Il passa près d'elle et lui semblât tout d'un coup bien plus grand et plus imposant que dans son souvenir, l'homme devait faire au moins 1m85. Son costume sur mesure, couleur corbeau à la coupe impeccable retombait sans un pli sur une chemise blanche, qui moulait son torse et soulignait sa puissante carrure que l'on devinait athlétique. Apollon aurait été bon pour changer de métier s'il avait existé à son époque, Aurelio lui aurait fait de l'ombre. Il devait passer des heures à la salle de gym. A côte de lui, tous les hommes présents dans la pièce, pour la plupart ventripotent, ressemblaient à des gobelins.

Ses cheveux soigneusement coupés et savamment décoiffés, de la même teinte sombre que son costume lui retombaient en quelques mèches sur le col de sa chemise en un contraste des plus saisissants. Ses sourcils eux aussi sombres, au traçage parfait, surmontaient des yeux au regard franc et inquisiteur, dont la teinte des pupilles rappelait les eaux du pacifique par temps d'été. C'est certainement à lui qu'on aurait interdit son reflet, pas à Narcisse. Depuis son nez droit et busqué, sa mâchoire carré, son menton volontaire jusqu'à ses longues jambes qui se mouvaient avec une aisance et une grâce follement féline pour sa grande taille, tout en lui respirait la force, la puissante et l'autorité. Quant au dessin de sa bouche...sa lèvre supérieure avait une taille ni trop forte ni trop petite tandis que celle inférieure était courbée en un tendre renflement qui lui fît se demander ce que cela lui ferait si... elles se posaient sur les siennes.

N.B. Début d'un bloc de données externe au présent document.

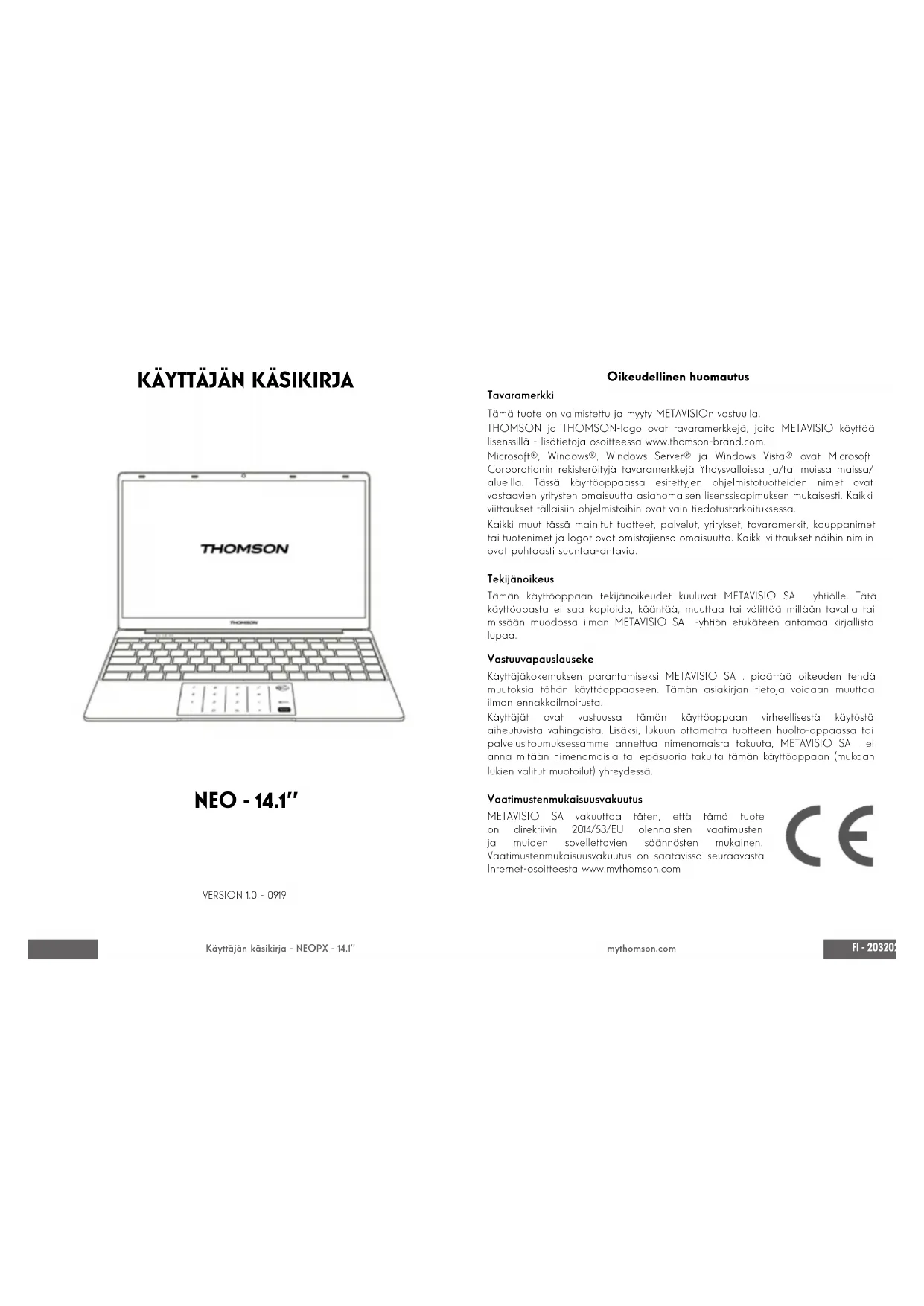 NEO - 14.1’’ VERSION 1.0 - 0919 Oikeudellinen huomautus Tavaramerkki Tämä tuote on valmistettu ja myyty METAVISIOn vastuulla. THOMSON ja THOMSON-logo ovat tavaramerkkejä, joita METAVISIO käyttää lisenssillä - lisätietoja osoitteessa www.thomson-brand.com. Microsoft®, Windows®, Windows Server® ja Windows Vista® ovat Microsoft Corporationin rekisteröityjä tavaramerkkejä Yhdysvalloissa ja/tai muissa maissa/ alueilla. Tässä käyttöoppaassa esitettyjen ohjelmistotuotteiden nimet ovat vastaavien yritysten omaisuutta asianomaisen lisenssisopimuksen mukaisesti. Kaikki viittaukset tällaisiin ohjelmistoihin ovat vain tiedotustarkoituksessa. Kaikki muut tässä mainitut tuotteet, palvelut, yritykset, tavaramerkit, kauppanimet tai tuotenimet ja logot ovat omistajiensa omaisuutta. Kaikki viittaukset näihin nimiin ovat puhtaasti suuntaa-antavia. Tekijänoikeus Tämän käyttöoppaan tekijänoikeudet kuuluvat METAVISIO SA -yhtiölle. Tätä käyttöopasta ei saa kopioida, kääntää, muuttaa tai välittää millään tavalla tai missään muodossa ilman METAVISIO SA -yhtiön etukäteen antamaa kirjallista lupaa. Vastuuvapauslauseke Käyttäjäkokemuksen parantamiseksi METAVISIO SA . pidättää oikeuden tehdä muutoksia tähän käyttöoppaaseen. Tämän asiakirjan tietoja voidaan muuttaa ilman ennakkoilmoitusta. Käyttäjät ovat vastuussa tämän käyttöoppaan virheellisestä käytöstä aiheutuvista vahingoista. Lisäksi, lukuun ottamatta tuotteen huolto-oppaassa tai palvelusitoumuksessamme annettua nimenomaista takuuta, METAVISIO SA . ei anna mitään nimenomaisia tai epäsuoria takuita tämän käyttöoppaan (mukaan lukien valitut muotoilut) yhteydessä. Vaatimustenmukaisuusvakuutus METAVISIO SA vakuuttaa täten, että tämä tuote on direktiivin 2014/53/EU olennaisten vaatimusten ja muiden sovellettavien säännösten mukainen. Vaatimustenmukaisuusvakuutus on saatavissa seuraavasta Internet-osoitteesta www.mythomson.comFI - 205204 - FI Käyttäjän käsikirja - NEOPX - 14.1’’ mythomson.com - Tärkeitä turvallisuusohjeita - Tätä laitetta tulisi käyttää ympäristössä, jossa ympäristön lämpötila on 5°C (41°F) ja 35°C (95°F) välillä. Älä altista laitetta sateelle tai kosteudelle ja pidä se erossa nesteistä. Jos laitteen päälle on valunut vettä tai muita nesteitä, katkaise virta välittömästi ja odota, että laite on täysin kuiva, ennen kuin kytket sen uudelleen päälle. Älä altista laitetta suoralle auringonvalolle. Älä käytä voimakkaita liuottimia, nestemäisiä pesuaineita tai muita kemikaaleja laitteen pinnalla tai sen lähellä, jotta laitteen pinta ei syöpyisi tai vaurioituisi. Älä altista laitetta pölyiselle ympäristölle. Älä käytä laitetta kaasuvuodon aikana. Älä altista laitetta voimakkaille magneetti- tai sähkökentille. Laite voidaan läpäistä lentokentän röntgenilmaisimien läpi. On kuitenkin suositeltavaa, ettet kuljeta laitettasi magneettisten ilmaisimien läpi tai altista sitä käsin pidettäville ilmaisimille. Älä aseta mitään esineitä laitteen päälle. Älä aseta laitetta epätasaiselle tai epävakaalle alustalle. Muista suojata laite putoamiselta tai muulta vahingoittumiselta. Älä jätä laitetta päälle kytkettynä tai latautuneena syliin tai muuhun kehon osaan lämpövammojen välttämiseksi. Kytke laite pois päältä, ennen kuin kuljetat sitä tai peität sen millään materiaalilla, joka ei salli optimaalista ilmankiertoa. Älä käytä vaurioituneita virtajohtoja, lisävarusteita tai muita laitteita laitteen kanssa. Suosittelemme käyttämään vain laitteen mukana toimitettuja lisävarusteita (virtalähde, kaapelit jne.). Käytä vain alkuperäisiä paristoja. Jos akku vaihdetaan väärään, seurauksena voi olla räjähdysvaara. Älä pura, muuta tai korjaa laitetta itse, muuten takuu raukeaa. Varmuuskopioi tärkeä sisältösi säännöllisesti, jotta vältät tietojen menettämisen. Yrityksemme ei ota vastuuta laitteiston tai ohjelmiston virheellisen käytön, huollon puutteen tai muun vahingossa tapahtuneen tapahtuman seurauksena tapahtuvasta laitteen sisältämien tietojen katoamisesta tai poistamisesta. Tämä tuote on suunniteltu siten, että osat ja komponentit voidaan kierrättää asianmukaisesti. Läpiviivatun pyörillä varustetun jäteastian symboli osoittaa, että laitetta ei saa hävittää yhdyskuntajätteen mukana. Tutustu elektronisten laitteiden hävittämistä koskeviin paikallisiin määräyksiin. Yliviivattu pyörillä varustetun jäteastian symboli osoittaa, että akkua ei saa hävittää yhdyskuntajätteen mukana. Tutustu paikallisiin määräyksiin akkujen hävittämisestä. Mahdollisten kuulovaurioiden välttämiseksi älä kuuntele korkeita äänitasoja pitkiä aikoja.FI - 207206 - FI Käyttäjän käsikirja - NEOPX - 14.1’’ mythomson.com - Laitteen esittely - Etunäkymä Vasen näkymä Oikea näkymä Huomautus : Laitteen ulkoasu ja jotkin ominaisuudet voivat vaihdella maittain, malleittain tai versioittain.

Qu'allait-elle donc penser là ? se demanda Kaélé soudain sous le choc. Elle ne venait quand même pas de se demander ce qu'elle ressentirait si son patron l'embrassait !

C'était sans conteste l'homme le plus séduisant qu'elle vu de toute sa vie c'est sûr, mais jamais, au grand jamais elle n'avait fantasmé sur un homme. C'était impossible ! Le simple fait de sentir le regard insistant et concupiscent des hommes sur sa personne l'insupportait, la faisait trembler d'effroyable dégout, alors imaginer un contact physique... elle ferma les yeux un bref instant pour effacer douloureusement la vision qui lui venait à l'esprit.

Et les événements des derniers jours qui n'étaient pas pour arranger la situation... !

De toute façon son corps ne réagissait pas à ce genre de chose, elle n'était pas du genre à se pâmer devant un corps d'homme, et c'était tant mieux ainsi.

Kaélé savait ce qu'il en coûtait de se laisser aller à ce genre d'émoi, la leçon elle l'avait retenue avec sa mère. Il suffisait de se laisser aller à des rêves de compte de fées éternel pour que l'amour et le désir rendent débile toute personne qui flirt un peu trop avec eux un temps et ensuite... ensuite l'autre se défile en laissant une blessure, un grand vide et une si profonde tristesse que seule la mort peu l'adoucir. Et la mort avait adouci le chagrin de Sola...le destin c'était bien moqué d'elle. Il lui avait tout promis mais ne lui avait rien donné. Le bonheur disait sa mère, avait été à sa portée, alors elle avait tendu la main et la folie c'était emparée d'elle. Oui la vie ne valait pas grand-chose, elle passait en un instant comme fanent les roses, le temps glissant est un beau salaud, des chagrins et des peines des Hommes, il s'en fait des manteaux, pensa Kaélé la gorge serrée.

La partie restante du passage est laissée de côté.